Problem to work on
Apart from the images, the entire listing below must be restated word for word.

Stored data
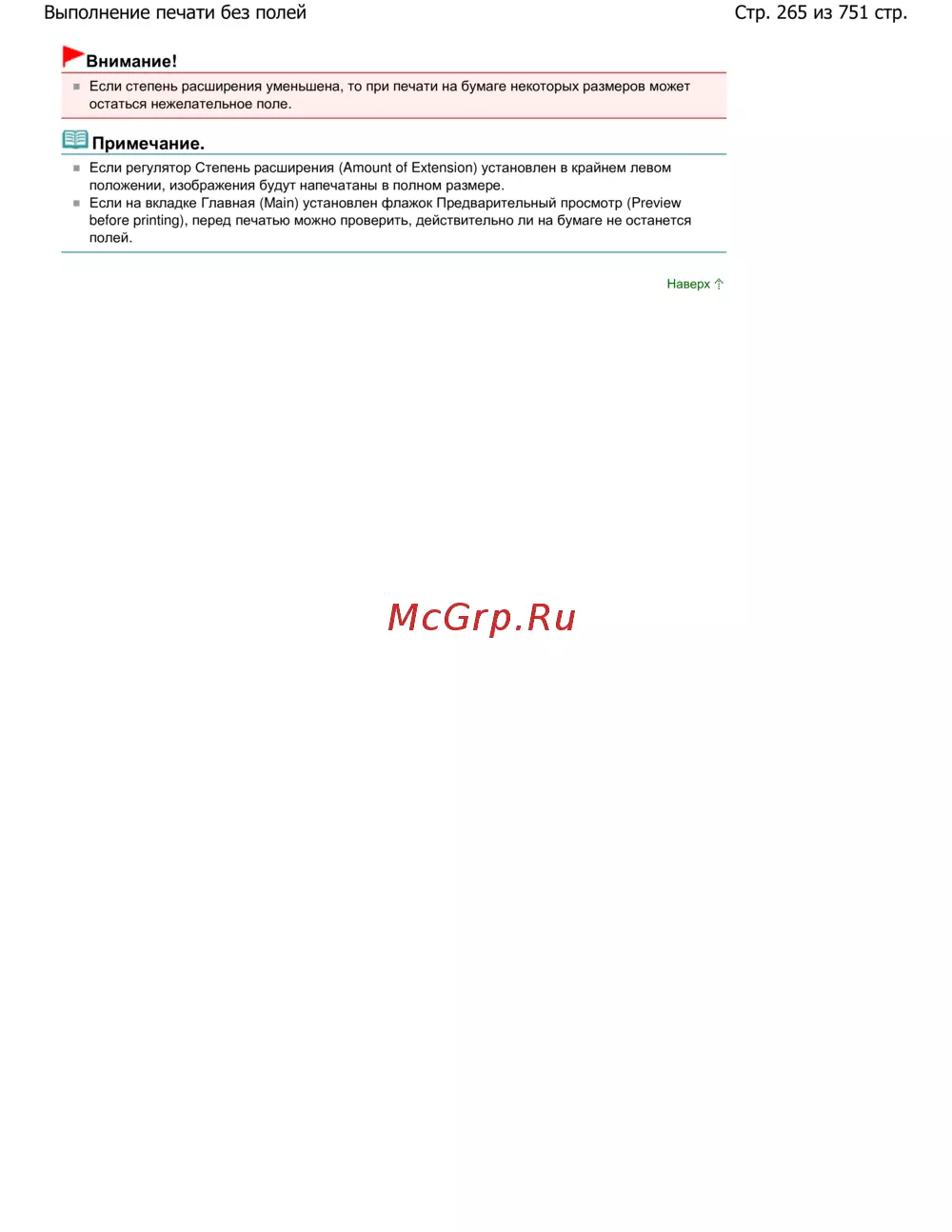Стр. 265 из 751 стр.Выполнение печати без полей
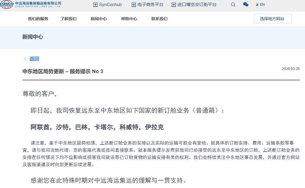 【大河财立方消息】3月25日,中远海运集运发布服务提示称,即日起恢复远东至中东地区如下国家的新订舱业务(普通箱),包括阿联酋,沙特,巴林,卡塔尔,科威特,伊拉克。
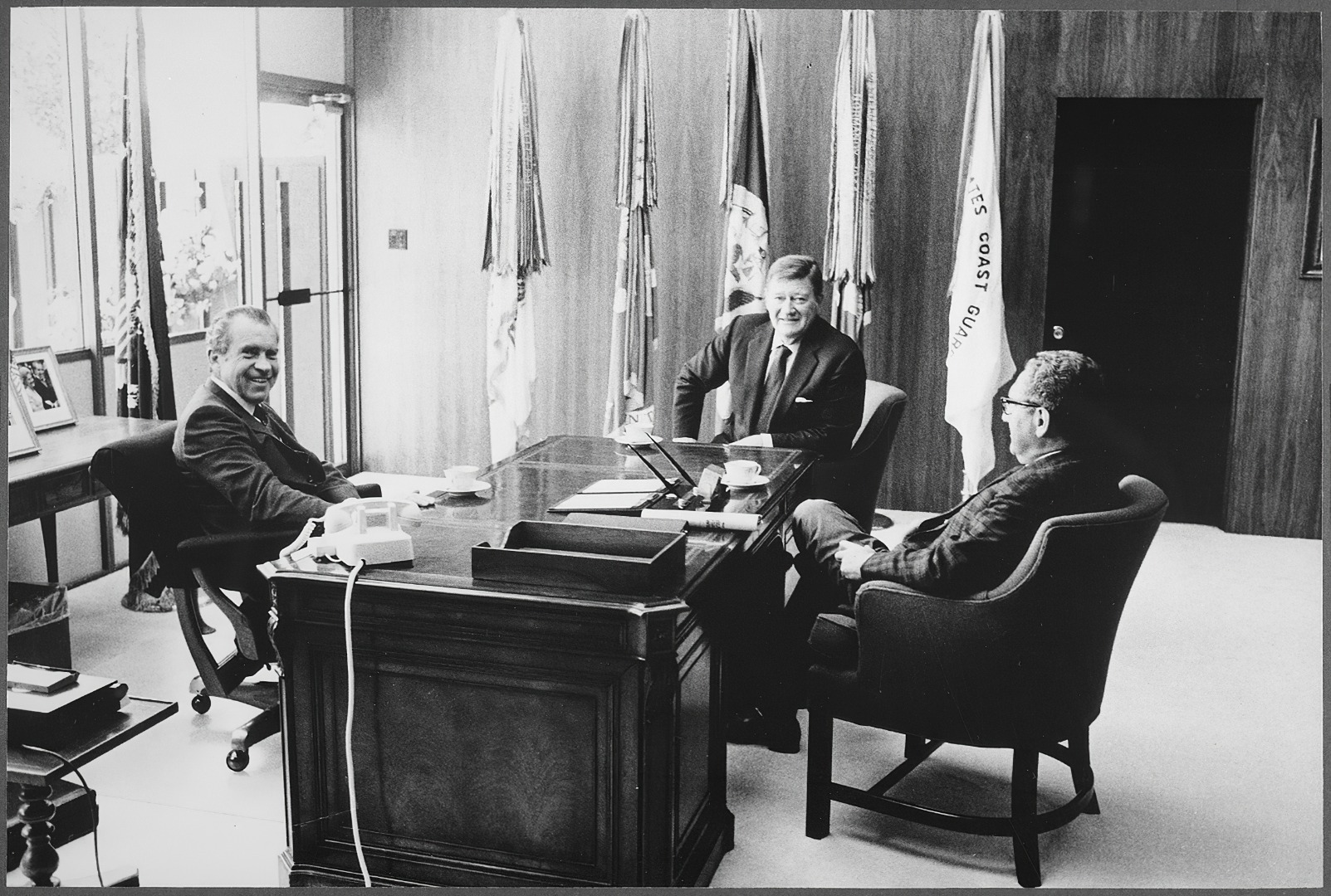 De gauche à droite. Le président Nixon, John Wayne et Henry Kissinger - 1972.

Task result
Стр. 265 из 751 стр.Выполнение печати без полей
 【大河财立方消息】3月25日,中远海运集运发布服务提示称,即日起恢复远东至中东地区如下国家的新订舱业务(普通箱),包括阿联酋,沙特,巴林,卡塔尔,科威特,伊拉克。
 De gauche à droite. Le président Nixon, John Wayne et Henry Kissinger - 1972.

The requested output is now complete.